TASK TO COMPLETE> Where a picture appears, skip it and copy everything else in the listing exactly.

EXERCISE DATA>
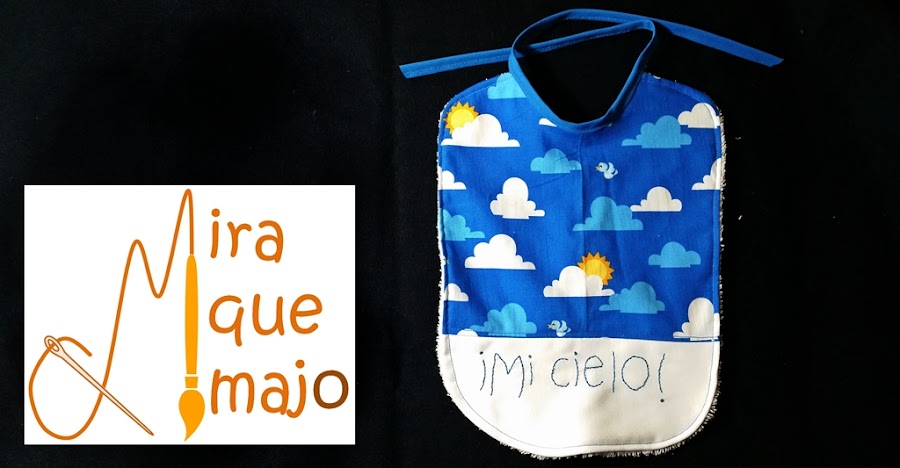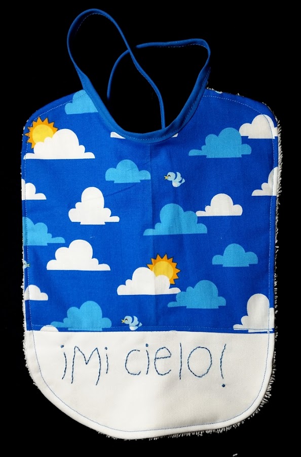 Ya sabéis que me encanta hacer baberos con telas divertidas y con un mensajito bordado. La de hoy es una tela de nubes que ha tenido mucho éxito, ya que es un motivo que siempre da un toque dulce y tierno.
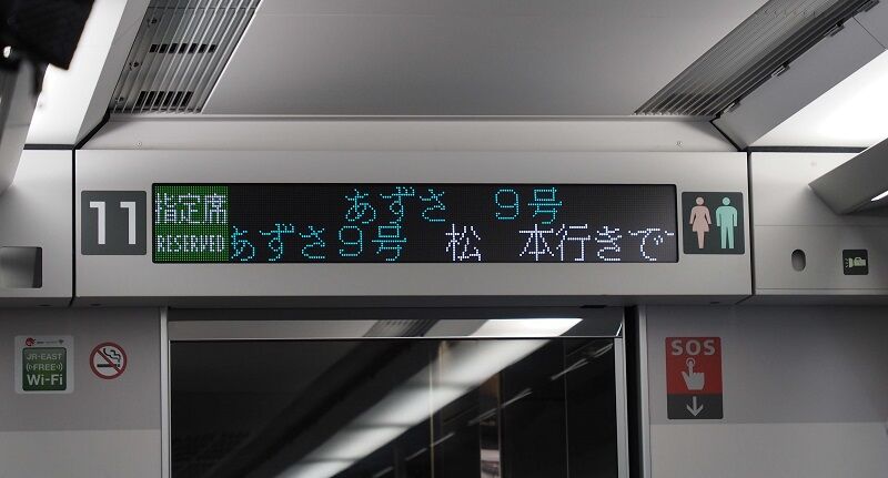 9日は8時ちょうどではなく新宿9時発の「あずさ9号」に乗車。先頭から2両目の11号車(モハE352-11)の10Dだった。E353系に乗るのは2度目になる。朝の混雑で新宿発が6分延となってそのまま遅れを回復できず、11:45頃に松本到着。
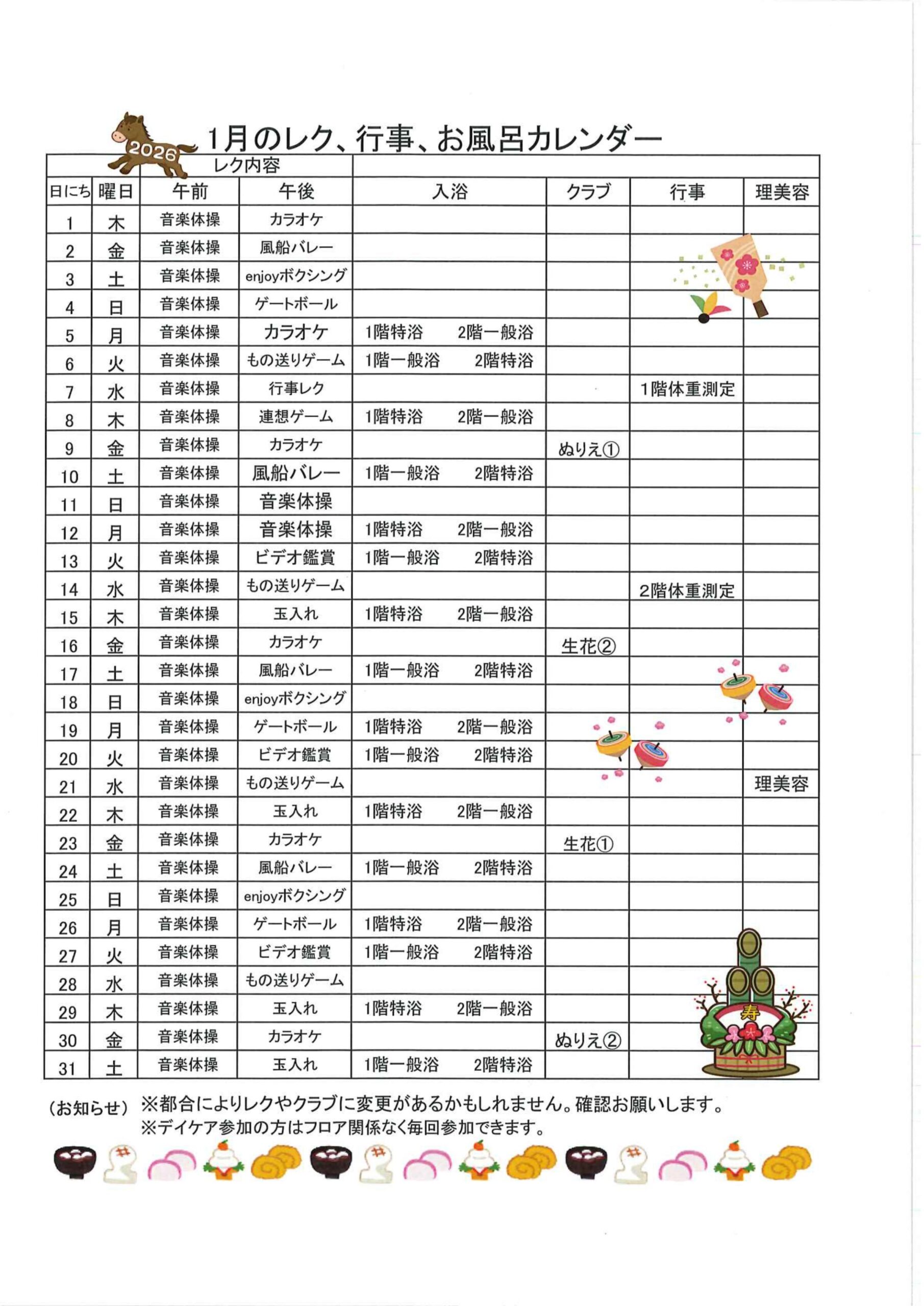 入浴の曜日の変更について

RESULT BELOW>
 Ya sabéis que me encanta hacer baberos con telas divertidas y con un mensajito bordado. La de hoy es una tela de nubes que ha tenido mucho éxito, ya que es un motivo que siempre da un toque dulce y tierno.
 9日は8時ちょうどではなく新宿9時発の「あずさ9号」に乗車。先頭から2両目の11号車(モハE352-11)の10Dだった。E353系に乗るのは2度目になる。朝の混雑で新宿発が6分延となってそのまま遅れを回復できず、11:45頃に松本到着。
 入浴の曜日の変更について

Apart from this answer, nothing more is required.